• FAITS DIVERS
  • SOCIÉTÉ
  • ECONOMIE
  • POLITIQUE
  • CULTURE
  • SPORT

Colloque: Boswell, l'ambassadeur écossais de la Corse de Paoli

Durant deux jours, un cycle de conférences a été consacré à Corte aux liens entre l'écossais Boswell et la Corse du XVIIIème siècle. / © viastella
Durant deux jours, un cycle de conférences a été consacré à Corte aux liens entre l'écossais Boswell et la Corse du XVIIIème siècle. / © viastella

Corsica Boswell ou la cause des Corses. C'est le titre du colloque organisé mercredi à l'université de Corse. A la suite de son passage sur l'île, l'écossais avait publié L'Etat de la Corse, un plaidoyer en faveur des insulaires. 250 ans après, les éditions Albiana éditent une nouvelle traduction..

Par Sébastien Bonifay

Tout cela est né d'une rencontre.
James Boswell, avocat et écrivain écossais, est âgé d'une vingtaine d'années lorsqu'il se lance dans une traversée de l'Europe qui le mène jusqu'à la Corse. 

 
James Boswell, peint par Sir Joshua Reynolds / © DR
James Boswell, peint par Sir Joshua Reynolds / © DR


Une manière de soigner son image


Et en octobre 1765, à Sollacaro, il rencontre Pascal Paoli. 
Et le général voit très vite l'intérêt de présenter la Corse au visiteur sous son meilleur jour. 

La toute jeune nation a besoin de se faire mieux connaître hors de l'île.
Selon Antoine-Marie Graziani, qui a signé une biographie de Paoli chez Tallandier, Boswell peut être un excellent moyen d'y arriver:
 

Le chemin de Boswell a été très largement balisé par Paoli, pour donner à son voyage une connotation qui permette aux corses d'apparaître sous leur meilleur jour, notamment par rapport aux difficultés qu'ils pouvaient rencontrer avec l'Angleterre. 

 
Pascal Paoli tel qu'il apparaît dans l'ouvrage de James Boswell / © DR
Pascal Paoli tel qu'il apparaît dans l'ouvrage de James Boswell / © DR




A son retour en Angleterre Boswell signe Account of Corsica, The journal of a tour to that island and memoirs of Pascal paoli

Le livre sera traduit en plusieurs langues et rencontrera un succès considérable. 

Pour les 250 ans de cette première édition, Albiana a réédité cet ouvrage, que l'on connaît ici sous le nom de L'Etat de la Corse.

L'universitaire Jean Viviès en a assuré la nouvelle traduction. Il s'est penché sur les répercussions du livre de Boswell à l'époque:
 

l'impact politique immédiat n'a pas été très fort, même s'il y a eu quand même des levées de fond, de l'envoi d'argent à Paoli et à ses troupes.Voire même de l'artillerie... En revanche l'impact a été immédiat sur l'image de la Corse et des corses. C'était, pour l'Europe, un repère de rebelles un peu barbares, et ces derniers ont été soudain vus comme des héros des Lumières, ces héros magnifiés par Rousseau dans son livre Du contrat social.

 
Jean Viviès a traduit la nouvelle édition de l'ouvrage de James Boswell, L'etat de la Corse / © viastella
Jean Viviès a traduit la nouvelle édition de l'ouvrage de James Boswell, L'etat de la Corse / © viastella


Boswell, inventeur de la biographie participative...

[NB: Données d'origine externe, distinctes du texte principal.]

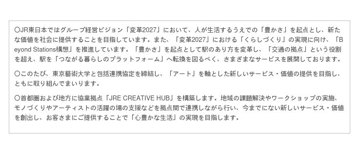 東京藝術大学は藝術・音楽などの分野における世界水準の教育研究活動を行っており、福祉や医療など藝術以外の分野においても社会連携活動を行うなどしております。また、JR東日本には「駅」「鉄道網」といったアセットがあり、多種多様なサービスの提供を行うノウハウを有しています。両者の強みを最大限掛け合わせて協業を図ることで、社会のさまざまな課題の解決に向けた取り組みを推進し、「心豊かな生活」の実現を目指します。
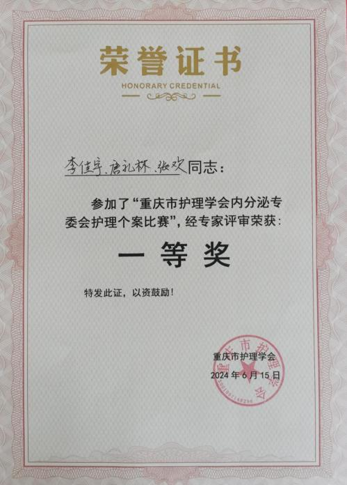 6月15日,我院內分泌科護理團隊在重慶市護理學會內分泌專委會舉辦的護理個案比賽中喜獲一等獎。
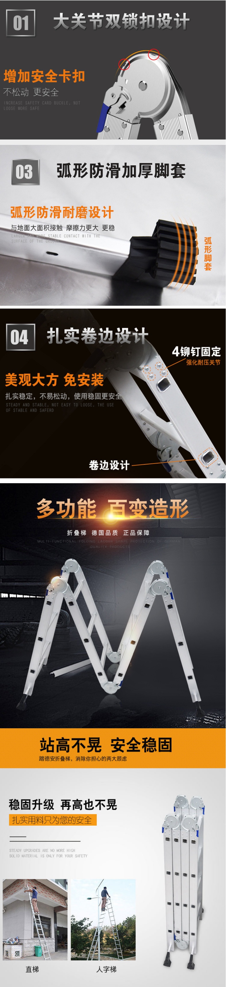 Multifunctional Folding Ladder Ladder Home Use Aluminum Alloy Step Ladder Aluminum Alloy Multifunctional Home Use Step Ladder
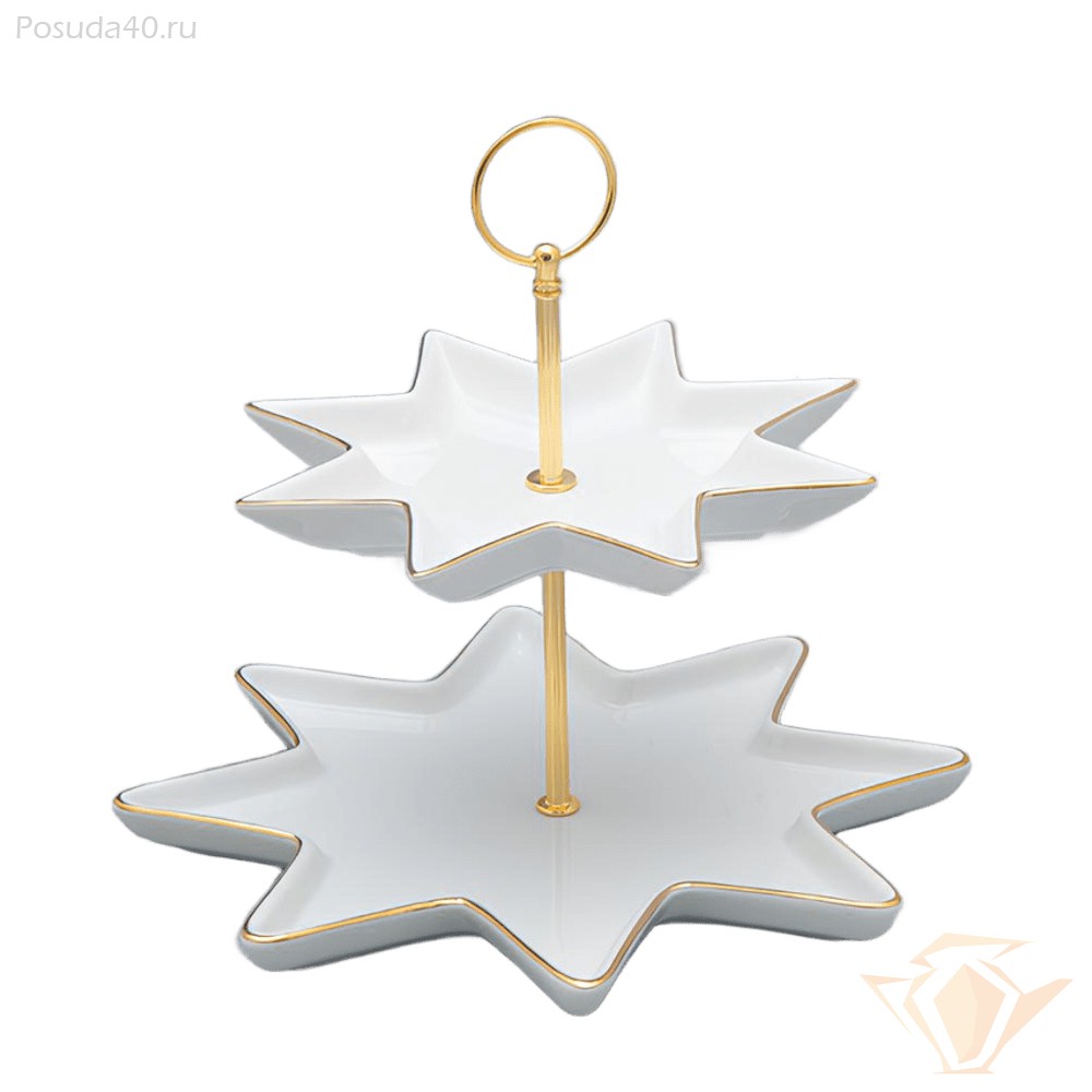 Этажерка 2-х ярусная ИФЗ Звезда Золотая лента, подарочный набор, фарфор / 81.31550.00.1

Des lignes célèbres dont la Corse s'enorgueillit depuis longtemps:
« Il est encore en Europe un pays capable de législation : c'est l'île de Corse. La valeur et la constance avec laquelle ce brave peuple a su recouvrer et défendre sa liberté, mériterait bien que quelque homme sage lui apprît à la conserver. J'ai quelque pressentiment qu'un jour cette île étonnera l'Europe ».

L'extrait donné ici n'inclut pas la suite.